When Ferdinand's concessions failed to appease the revolutionaries and Ferdinand was forced to abdicate, his successor, Emperor Franz Joseph, promulgated the March Constitution, elaborating on a number of the provisions of the Pillersdorf Constitution.
In particular, the March Constitution confirmed that the judicial powers and responsibilities of landlords, cities, and ecclesiastical corporations were abolished. All disputes were to be settled by the State, in courts explicitly created by statutory law and according to procedure explicitly set forth in statutory law. The new constitution also expressly established judicial independence and the separation of powers of judiciary and executive.

Subsequent legislation pursuant to the March Constitution created a system of general courts that also survived, with a few significant but narrow alterations, to this day.
Most notably, the Constitution of the Courts (Gerichtsverfassungsgesetz or GVG) of June 1849
and the Penal Procedure Code (Strafprozessordnung or StPO) of January 1850 implemented an empire-wide hierarchy of trial and appellate courts that is virtually identical to the contemporary system.

A statute enacted in August 1850 established the panel system and otherwise detailed Supreme Court organization and procedure.

Effective 1852, Franz Joseph rescinded the March Constitution, attempting to reestablish himself as an absolute monarch.
A complete rewrite of the Penal Procedure Code in 1853 eliminated judicial independence and, partially, the separation of powers.
The hierarchy of trial and appellate courts in general and the Supreme Court of Cassation at its top in particular, however, survived.
The Court then also survived the gradual return to constitutional rule between 1860 and 1868, although it lost jurisdiction over the eastern half of the empire when the Lands of the Crown of Saint Stephen gained legal independence ensuing the Austro-Hungarian Compromise of 1867.

=== First Republic ===
The collapse of the empire at the end of World War I and the Austrian rump state's subsequent transition from monarchy to democratic republic necessitated a number of changes to Austria's system of courts of public law. The system of general courts, on the other hand, remained largely unaffected, except of course for its drastic decrease in geographic reach. A pair of laws enacted by the emerging republic's provisional government in late 1918 and early 1919 confirmed the Supreme Court in its existence. The only thing the transition really changed was the name: the Supreme Court of Cassation (Oberster Gerichts- und Kassationshof) became the Supreme Court of Justice (Oberster Gerichtshof).
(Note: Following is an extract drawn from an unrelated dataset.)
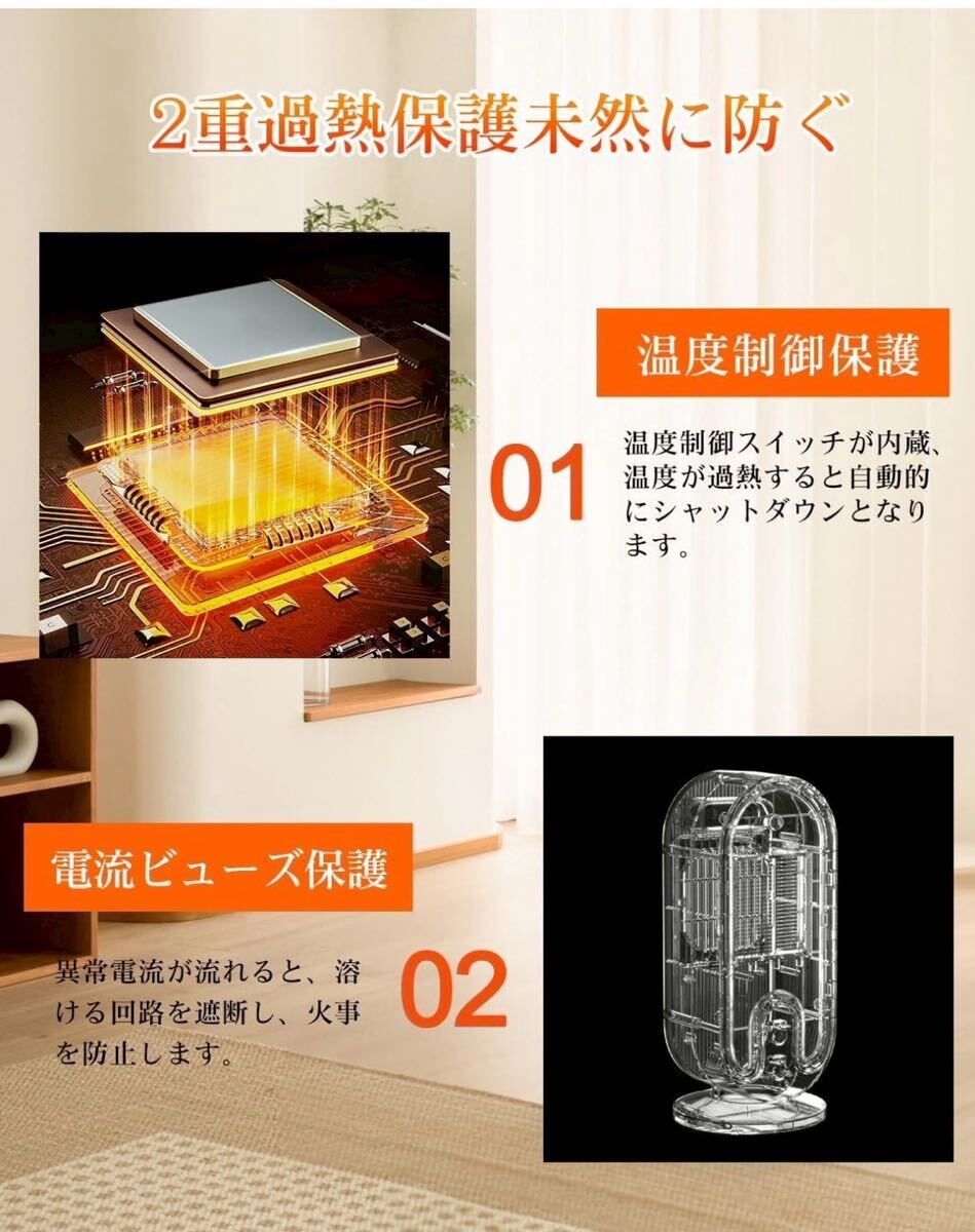 ガスや石油を使わない「非燃焼系」の暖房器具で、燃料を燃やした時の嫌な匂いや有毒ガスを発生しないので、換気などが必要無く、直接火を使わない、火事などのリスクが少ないです。電気ヒーターはV0級難燃安全素材を採用、転倒時自動で電源が切れる「転倒自動OFF機能」、吹き出し口を塞いでしまっていたり、連続運転時など異常な温度上昇を感知する「過熱防止機能」、24時間運転すると自動で電源が切れる「切り忘れ防止機能」も搭載され、安全面に配慮されています。

Both the Kelsen Constitution of 1920 and the Austrofascist Federal State of 1934 retained the Court unaltered.

=== Nazi regime ===
The absorption of Austria into the German Reich in March 1938 made the Supreme Court superfluous and, in fact, inconvenient; for one thing, the German judiciary used the same four-tier hierarchy as its Austrian counterpart. The judicial districts served by German and Austrian local, regional, and higher regional courts, respectively, were roughly comparable in size. Decisions of Germany's 28 higher regional courts were appealed to the Reichsgericht in Leipzig; there was no strong reason for an extra appeals court intermediating between the Reichsgericht and the paltry 3 higher regional courts of the Reich's new territorial addition, the State of Austria (Land Österreich). For another thing, the Nazis were already planning to dissolve the State of Austria into a number of unlinked provinces (Reichsgaue) in the near future; any institution that expressly and specifically served the territory traditionally known as Austria would eventually have to be disbanded in any case. The Court ceased operations in March 1939.

When Austria regained independence in 1945, the Supreme Court was restored. Since then, its role and institutional structure have remained largely unchanged.